Sebe Suresi’nde Cenab-ı Allah, 17’de; “Böylelikle nankörlük etmeleri dolayısıyla onları cezalandırdık. Biz (nimete) nankörlük edenden başkasını cezalandırır mıyız?” diyor Allah, 17. ayet. Yani şükretmeyen, Allah’a hamd etmeyen, Allah’ın verdiği nimetten hoşnut olmayan kişileri ben cezalandırırım diyor Allah. Nasıl yapıyor? Kıtlık yapıyor, ekonomik kriz meydana getiriyor. Ondan sonra betonları kazımaya başlıyorlar. Bak diyor ki Allah; “Böylelikle nankörlük etmeleri dolayısıyla”, 17; 7’ye dikkat. “... onları cezalandırdık. Biz (nimete) nankörlük edenden başkasını cezalandırır mıyız?” Dünyada geniş bir ekonomik kriz başladı. Ne zaman başladı? 2007 ve 2014’e kadar devam edecek dedim. IMF çıktı, resmi açıklamasında ne dedi?

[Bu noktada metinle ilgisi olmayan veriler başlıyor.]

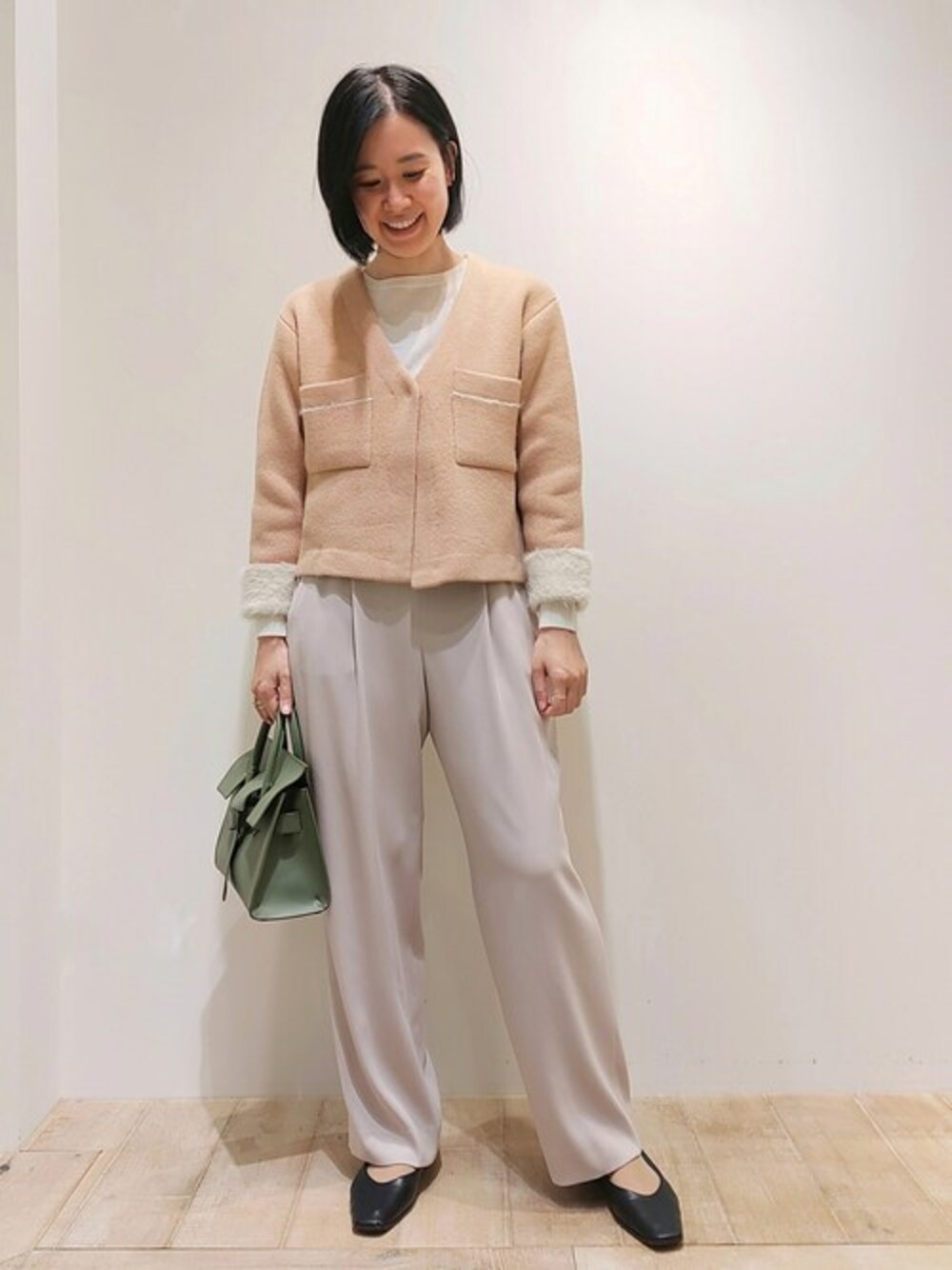 Chie(メゾン カリテ 新宿高島屋店)のブルゾン「フェザー接結ニットブルゾン」を使ったコーディネート

OKTAR BABUNA: 2014’te sona erecek dedi, hiçbir teknik gerekçe göstermeden.

ADNAN OKTAR: Bir buçuk yıl sonra, bak benim açıklamamdan bir buçuk yıl sonra söyleyebildi IMF.

OKTAR BABUNA: Ondan sonra CIA Eski Başkanı Graham Fuller söyledi. Sonra Türkiye’den de söyleyenler oldu, Merkez Bankası Eski Başkanı, 2014 diye.

ADNAN OKTAR: Adamlara soruyoruz, neye dayandırıyorsunuz diyoruz. Kaynak yok. Kaynak ben.

OKTAR BABUNA: Zaten böyle 5 sene sonrasını öngörmek gibi şeyleri hiç yok. Teknik olarak da imkanı yok.

ADNAN OKTAR: Bak “Kendileriyle, içlerinde bereketler kıldığımız memleketler arasında (biri diğerinden) görünebilen şehirler var ettik” yakın, birbirine yakın. Mesela şimdi ne burada, İstanbul’da ilçeler şehir gibi, nereden baksalar birbirini görüyorlar, yakın iç içe. “... ve orada yürüme (imkanlarını) takdir ettik” geniş caddeler, yollar var. Aynı zamanda İstanbul’a bakan bir ayet. "Oralarda geceleri ve gündüzleri güvenlik içinde gezip dolaşın" (dedik).” Polis kameraları var, bilmem ne var. Normal dünyaya göre güvenli. Her türlü imkan var, güvenlik imkanları var. Ama güvenlik demek ki insanlar için büyük bir nimet ki; Allah “güvenlik içinde gezip dolaşın” diyor.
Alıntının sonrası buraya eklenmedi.